Feeding soybean meal as part of pig diets is nothing new. In fact, the ingredient may have been quietly promoting growth and health of pigs all along, but its effects may have been masked by the routine use of in-feed antibiotics. With the advent of the U.S. Veterinary Feed Directive, which mandates more judicious use of in-feed antibiotics, producers are wondering what alternatives are out there.

“From previous research, we knew feeding a pig soybeans gave them a leg up when it came to fighting the porcine reproductive and respiratory syndrome virus (PRRSV), but we didn’t know what component of the soybean was causing this effect,” said Ryan Dilger, associate professor in the Department of Animal Sciences, Division of Nutritional Sciences, and Neuroscience Program at U of I, and co-author on the article. “From the human perspective, we knew isoflavones have anti-viral activity. We wanted to know if the same applies to pigs.”

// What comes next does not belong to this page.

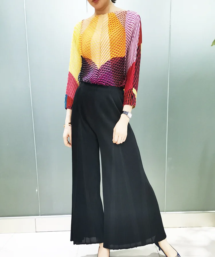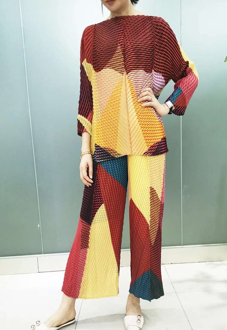 Этот брючный костюм изготовлен из большой стрейчевой плиссированной ткани miyake и подходит для женского веса 45-75 кг.

Dilger and Brooke Smith, lead author of the article and graduate researcher in the Veterinary Medical Scholars Program at U of I, were invited by the board of the Journal of Animal Science to review the state of knowledge on soybean-derived isoflavones and saponins.

In the article, Smith details the use of soy and its processed forms in swine diets, and reviews research from rodent, pig, and human studies on the cellular activity of isoflavones and saponins.

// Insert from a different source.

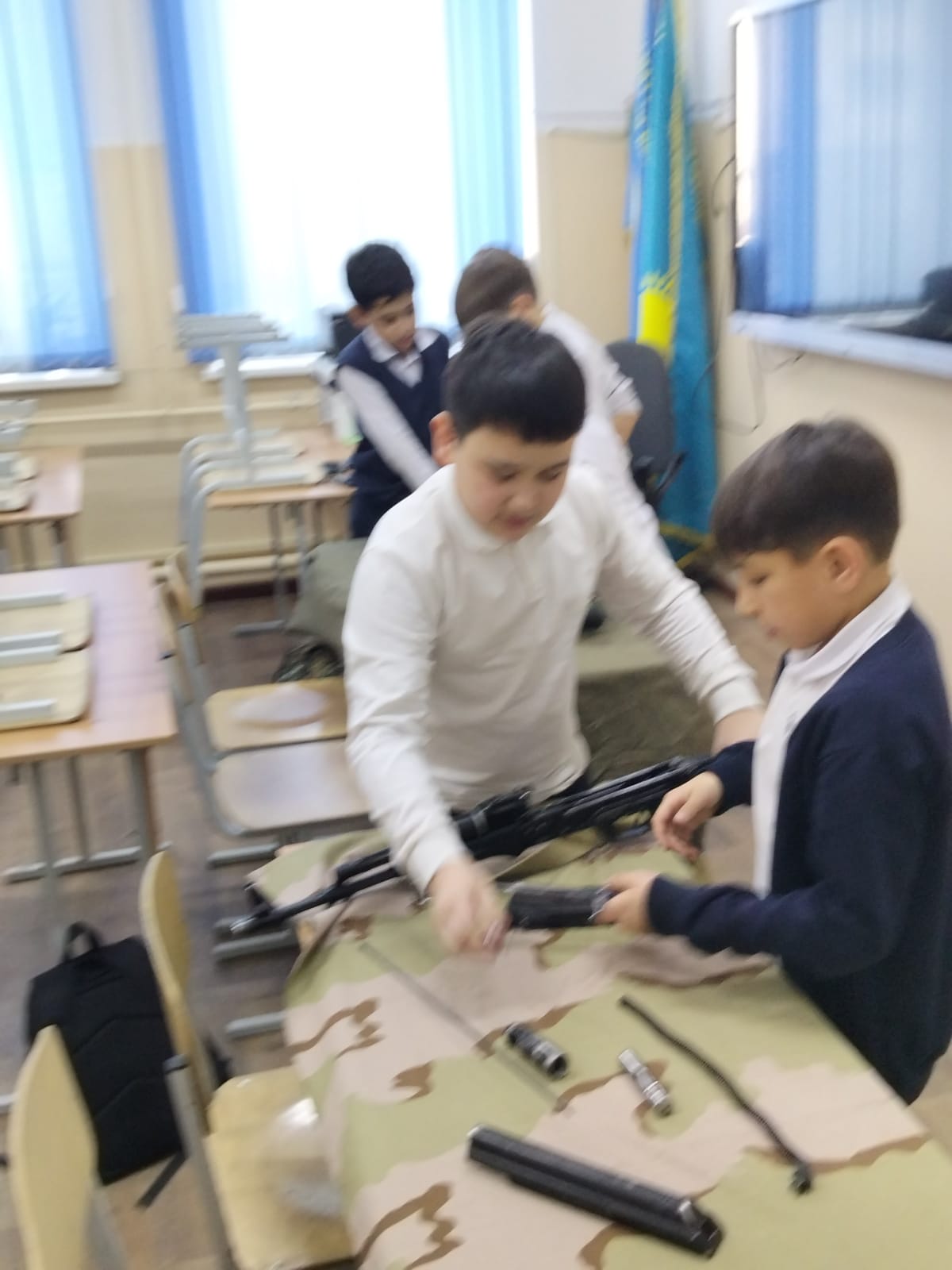 Руководитель военно-патритического клуба Қаhарман Ұрпақ - Усенов О.А., провел обучение по сборке и разборке автомата. Ребята с большим увлечением занимаются любимым делом.

“We understand what these compounds can do at the cellular level, and there have been a small number of studies looking at their effects in pigs, but there is still much to be understood about the impact of isoflavones and saponins in a production context,” Smith said.

The research shows soy isoflavones and saponins have anti-viral, anti-inflammatory, and anti-oxidant effects on a cellular level. They also promote growth and help pigs return to health faster after PRRSV infection. But the existing studies were either done in a laboratory or in a highly controlled setting over a short period, so it’s difficult to say what effect the compounds might have in a realistic production setting, with the stress of weaning, group housing, and other real-world factors.

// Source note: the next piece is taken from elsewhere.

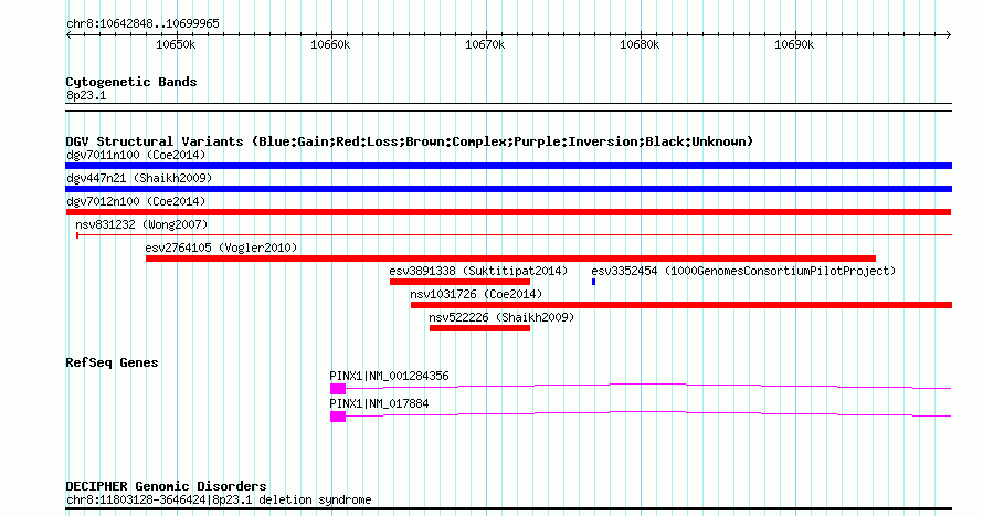 Variant DetailsVariant: dgv7012n100| Internal ID | 22793099 | | Landmark | | | Location Information | | | Cytoband | 8p23.1 | | Allele length | | Assembly | Allele length | | hg38 | 57118 | | hg19 | 57118 | | hg18 | 57118 |

Smith is poised to launch a long-term study set in a full production context, to isolate the effects of isoflavones on pigs infected with the PRRS virus. Results are probably a year away, but Dilger and Smith are optimistic about the potential of soy-derived isoflavones and saponins as growth and health promoters in the industry. They suggest there could be a future in which pigs are fed a greater proportion of soybean meal or other specialized soy products at an earlier stage after weaning.

“Isoflavones are unlikely to ever be isolated and used as a dietary supplement in an industrial setting, due to cost. But it doesn’t need to be – it’s already in the diet. We’re just showing what the impact is, and therefore we may want to increase the amount of soy that’s being used. Any farmer can do that,” Dilger said.